My characters come alive when I write them and very often I am acting entire scenes out while writing ... or so it would seem to anyone watching me. This is great for writing dialogue because when you speak your characters' lines you know when they ring true.
DD says he never did this before but by watching me he observes how it helps me. I do this with my narrative poetry as well. I love friends with keen ears too. I like to read to people from my book or new poetry. Either. Somehow either way - I'm not exactly what you expect me to be. I've been compared to post modernist and confessional style poets but the truth is, at the time I was being accused of following or imitating them, I had never read Ginsberg or Sylvia Plath. I was too busy writing 10 to 30 page term papers several times each term. I didn't have time for much else besides being a part time mom. Back then, I didn't do a lot of creative writing except for my journals. I went to Columbia for 8 straight years to get a B.A. & M.S.W.. Before that was me & my GED.
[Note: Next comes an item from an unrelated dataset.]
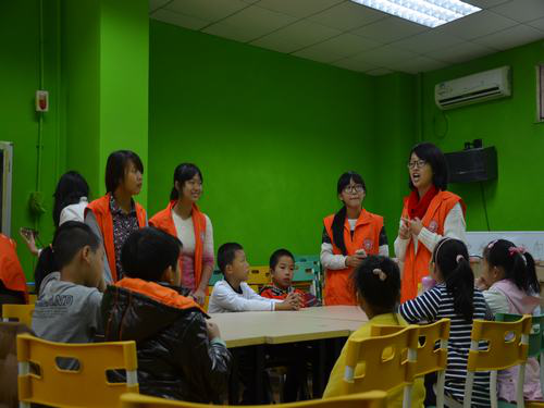 2013年12月7日上午10:00,在政治与公共管理学院团委学生会主席徐小琪和志协负责人的带领下,六名志愿者来到“亲青家园白云区青少年服务中心”。此行目的是在服务中心开展“亲青家园”英语角活动。志愿者们本着“以专业知识服务人,以奉献精神感动人”的宗旨,希望把这份爱带给小朋友们,让他们在快乐的英语教学中学习英语感受向上精神,接受英语文化熏陶。

It's kind of amazing when you consider that drop out Joy became the ivy league drop in and now has two masters degrees. Colombia is tough and competitive - I kid you not. To maintain a 3.3 average is a full time job. After I
finally graduated and settled into a J. O. B., I began writing again. It's hard out here for us poets and writers.
The point is that sometimes it's a deterrent when you really are difficult to pigeonhole. When you sound truly like you and no one else - it's harder to fit in anyplace. People say they want creative and unique because that is what we're all trained to say. The truth is sometimes the feeling you get from reading someone and feeling uncomfortable can be ok too and has its own power. Not everyone can love me or you or anyone else's work. Some people are naturally more controversial and colorful. It's the way life goes. "Explore ... Search for more, no more prisoners of war..."
Celebrating page 170 on my grind plus maintaining this blog and writing poetry too...
Oh and I forgot and working on the magazine and two anthologies!